• Task goal: Restate every line of the material below word for word, skipping the images.

• Recorded data:
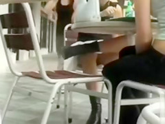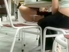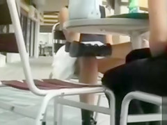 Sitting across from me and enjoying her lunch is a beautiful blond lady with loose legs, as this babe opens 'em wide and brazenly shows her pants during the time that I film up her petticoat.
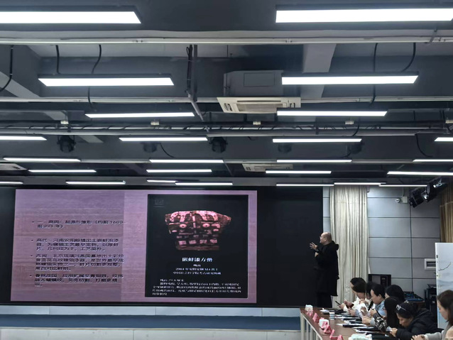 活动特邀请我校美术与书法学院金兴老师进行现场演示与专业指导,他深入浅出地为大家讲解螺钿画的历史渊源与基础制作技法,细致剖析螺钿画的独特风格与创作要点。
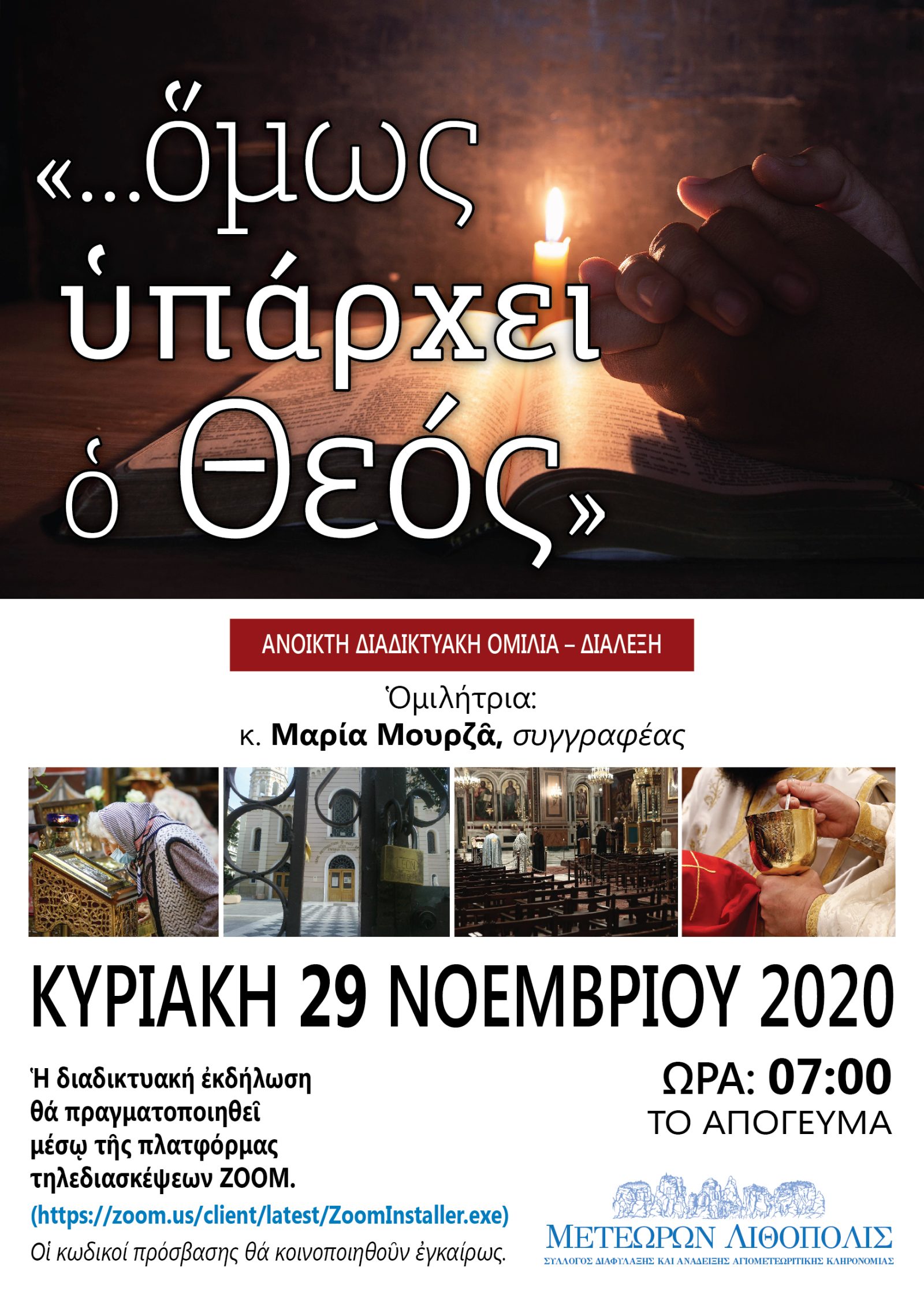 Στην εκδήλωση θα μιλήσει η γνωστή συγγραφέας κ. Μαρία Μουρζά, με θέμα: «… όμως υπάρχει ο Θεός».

• Finished task:
 Sitting across from me and enjoying her lunch is a beautiful blond lady with loose legs, as this babe opens 'em wide and brazenly shows her pants during the time that I film up her petticoat.
 活动特邀请我校美术与书法学院金兴老师进行现场演示与专业指导,他深入浅出地为大家讲解螺钿画的历史渊源与基础制作技法,细致剖析螺钿画的独特风格与创作要点。
 Στην εκδήλωση θα μιλήσει η γνωστή συγγραφέας κ. Μαρία Μουρζά, με θέμα: «… όμως υπάρχει ο Θεός».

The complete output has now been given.